The city is trying to find all of them more suitable places to live.
Residents say the building – an illegally converted dormitory – is plagued by rats and roaches, as well as mold, electrical issues and other hazards.
Code enforcement has deemed the building unsafe despite numerous attempts and fines by the city of San Bernardino to get the owner to make repairs. Now it’s being shut down and residents have just a few weeks to find new accommodations.
Residents are used to paying low rental rates and say it will be difficult to find another place that is so cheap.
Rent on most units is between $600 and $700 a month, with no deposit or down payment required. That’s all the 280 residents can afford.
“I was homeless for four years before I moved in here, and I refuse to go back to being homeless,” said building resident Angelina Trammell-Krone.

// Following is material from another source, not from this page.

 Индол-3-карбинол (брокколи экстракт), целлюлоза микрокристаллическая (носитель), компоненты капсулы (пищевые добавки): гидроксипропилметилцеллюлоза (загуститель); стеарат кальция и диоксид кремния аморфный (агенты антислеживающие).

Lisa Torres Mendivil shares her tiny room with two of her grown sons. The only light come from the bathroom since she says the owner never fixed the main light.
She says she and most of her fellow residents don’t make enough income to afford most other apartments.

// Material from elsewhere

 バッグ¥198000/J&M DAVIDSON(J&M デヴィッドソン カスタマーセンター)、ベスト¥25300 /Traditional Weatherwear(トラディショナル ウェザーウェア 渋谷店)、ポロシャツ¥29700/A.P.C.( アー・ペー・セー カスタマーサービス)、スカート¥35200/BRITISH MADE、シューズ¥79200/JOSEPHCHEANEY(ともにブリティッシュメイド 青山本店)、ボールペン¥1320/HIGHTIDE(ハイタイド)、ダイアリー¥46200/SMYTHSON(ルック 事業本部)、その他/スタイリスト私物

“The rent is really high (in other buildings),” she says. “So this is the only place for a lot of us.”
Jeff Kraus, a spokesman for San Bernardino, says the city is working to find new housing for residents.
“The city is working with anybody and everybody we can to find alternative housing, to find temporary housing, and transitional housing, to get people into permanent, longer-term and and safer conditions,” Kraus said.
Kraus says the building was never permitted as apartments and accuses the owner of taking advantage of residents.
The building is owned by Fox Property Holdings LLC, which lists the owner as Ji Li.
When Eyewitness News tried to reach Li to ask about the property, his resident manager said that Li tried to make repairs but blamed residents for the deteriorating conditions.
“We were living here for the past two and a half years, perfect,” said manager Jeff Young. “There were no complaints.”
He acknowledged it will be difficult to find new housing for the residents.
“Oh, it is a problem but where are you going to put these people? None of them have credit.”